Ethan extended his hand and Sean shook it. "Very nice to meet you," Ethan said. His hand was dry and papery, his eyes vacant. Sean shook it, and a frisson of shameful disgust sizzled up his abdomen. He had a sudden vision of Ethan's brain, desiccated in his skull, the gleaming edges of the chip poking free. He surreptitiously wiped his hand on his pants as Ethan turned to Grampa and shook his hand. "Very nice to meet you."
"Do you mind if we sit down?" Adele said. "I'm afraid that I'm a little pooped. All those stairs!"
Sean offered his chair and went off to the lounge with Ethan to get two more. When they got back, Adele had her hand on Grampa's forearm. " -- I worked in a dairy, answering the phones! You tell people you used to work in a dairy, they think you were milking the cows!" Adele laughed and Grampa shot Sean a hostile look.
Sean said, "Grampa was a machinist before he retired. You really liked doing that, huh, Grampa?"

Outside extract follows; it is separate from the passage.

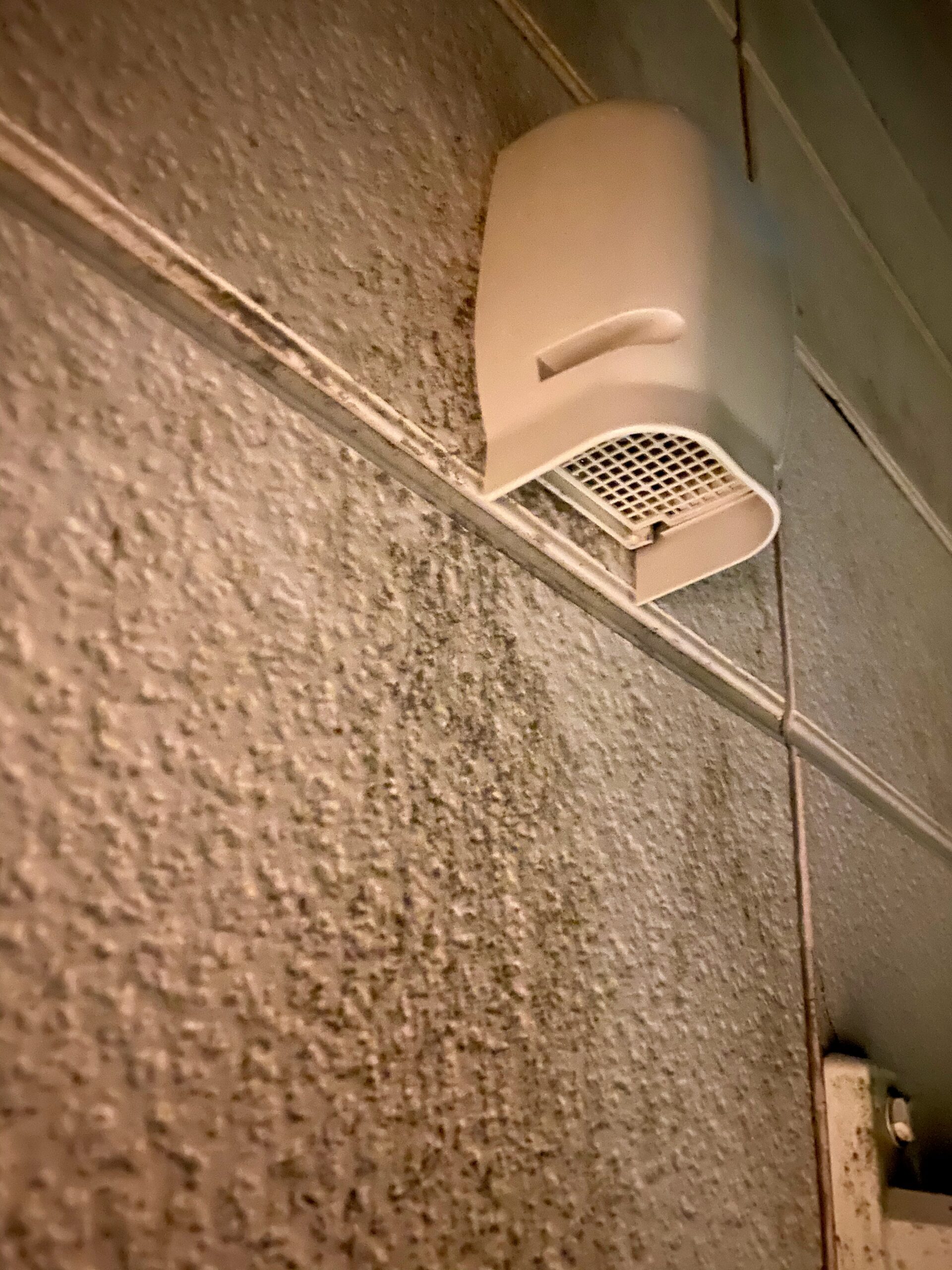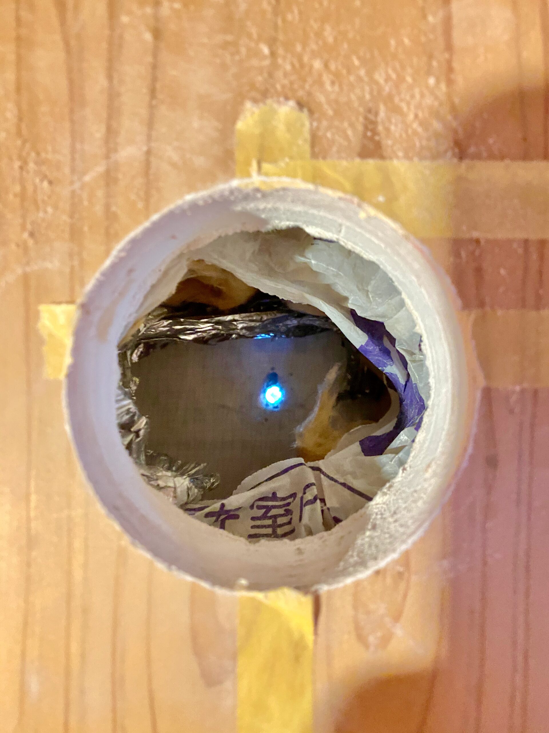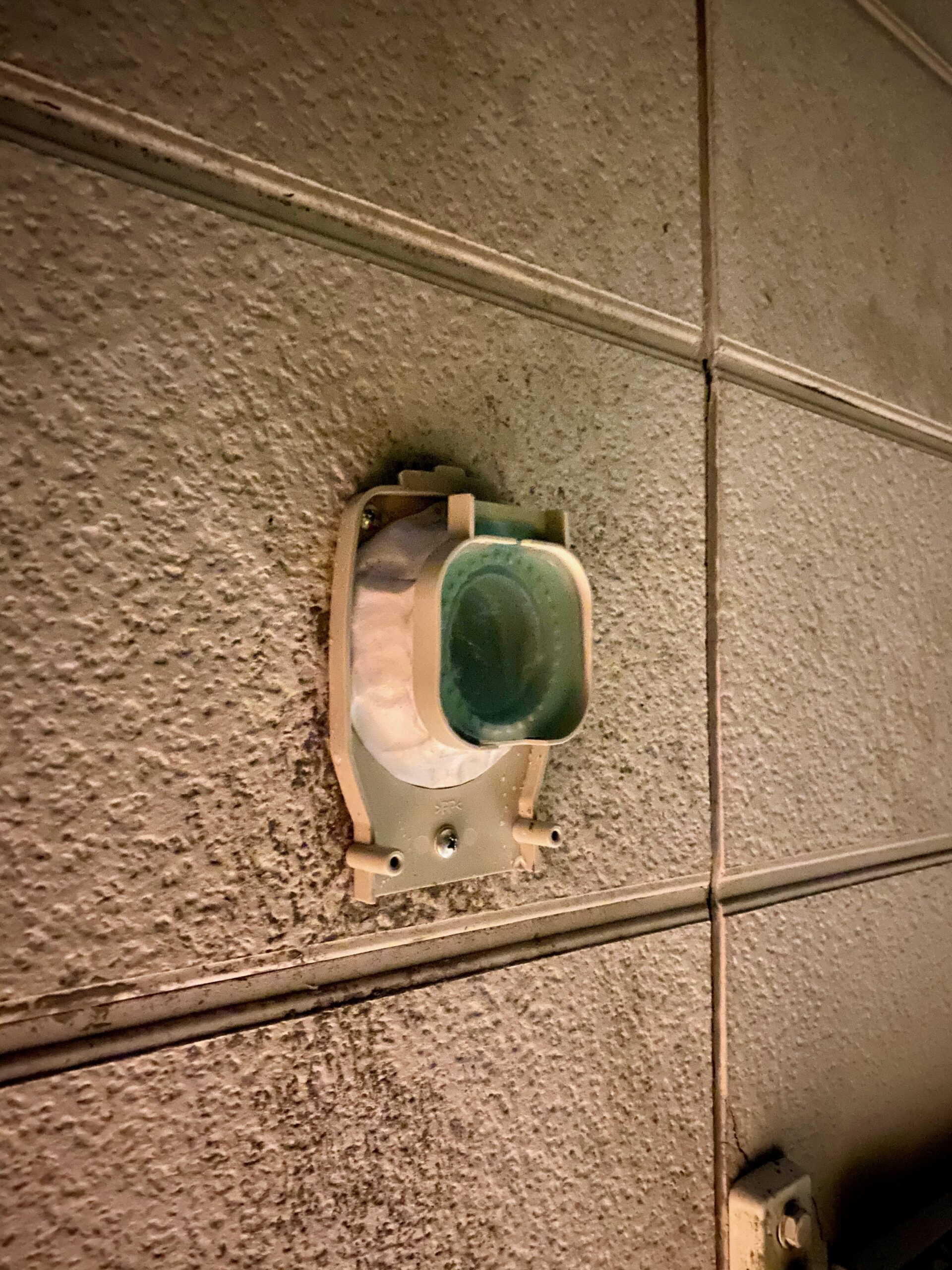 仮組みが終わり、枠を付けて、パテで埋めます。ホースに傾斜をつけつつ、最終的な出口は地面に対して垂直にしないと虫よけの蓋が開いてしまうので出口は垂直に調整します。

Grampa nodded perfunctorily.
"I mean, the logfiles show that you almost never switched off at work. Must've been pretty engrossing. You should give workshops here. I bet it'd be good therapy." Sean knew he was baiting the old man, but he couldn't stop himself.
"Your father's arriving tomorrow," Grampa said. "He called last night. I didn't tell him you were here, I thought it would be a nice surprise."
Adele clapped her hands. "Well isn't that
nice
! Three generations, all together. Sean, you'll have to introduce Ethan and I to your father. Ethan never had children, isn't that right?"